POLITICO Massachusetts Playbook: Wu shifts her agenda into overdrive

 


Massachusetts Playbook logo

BY LISA KASHINSKY

DRIVING THE DAY — Three MBTA bus routes that run through the heart of Boston’s lower-income neighborhoods will be fare-free for two years beginning March 1.

It’s a major policy win for Mayor Michelle Wu after her $8 million plan hit a speed bump with the feds. She’ll roll out the details of the pilot program for bus routes 23, 28 and 29 at 9:30 a.m. in Dorchester.

Wu is now poised to achieve one of her earliest goals as mayor during an increasingly hectic time for her fledgling administration.

She's embarking on a superintendent search, on top of a police commissioner search, on top of hiring key positions for her still-forming Cabinet. She’s battling public safety unions in court and at the negotiating table over her vaccine mandate for city workers.
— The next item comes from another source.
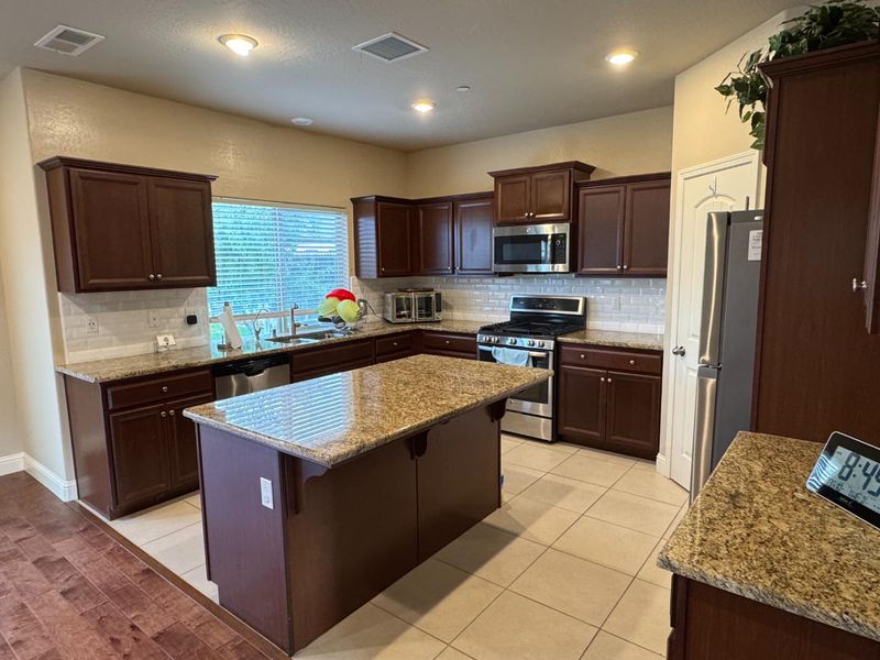 - 220 Volt Outlet, Cooktop - Gas, Countertop - Quartz, Dishwasher, Exhaust Fan, Garbage Disposal, Hood Over Range, Hookups - Ice Maker, Oven Range, Pantry

And she’s holding fast to her mask and vaccine requirements for businesses even as the Omicron wave ebbs.

“She has faced an unprecedented series of challenges,” Larry DiCara, a former city councilor and historian of city politics, told me. “I’m not sure anyone’s had this much thrown at them so early.”

Wu chose to take on some of these challenges herself. While she inherited the police commissioner search, her transportation goals and vaccine rules — and the triumphs and tribulations that come with them — are of her own making.

It all tracks with Wu’s pledge to do the “big and the small” as mayor. Now her effectiveness in doing so — keeping streets plowed while battling Covid-19 and working to fill two of the top jobs in the city — is about to come under more scrutiny as she nears 100 days in office.

GOOD WEDNESDAY MORNING, MASSACHUSETTS.  Wu is far from the only mayor pushing a sweeping municipal agenda in an unprecedented and unpredictable time.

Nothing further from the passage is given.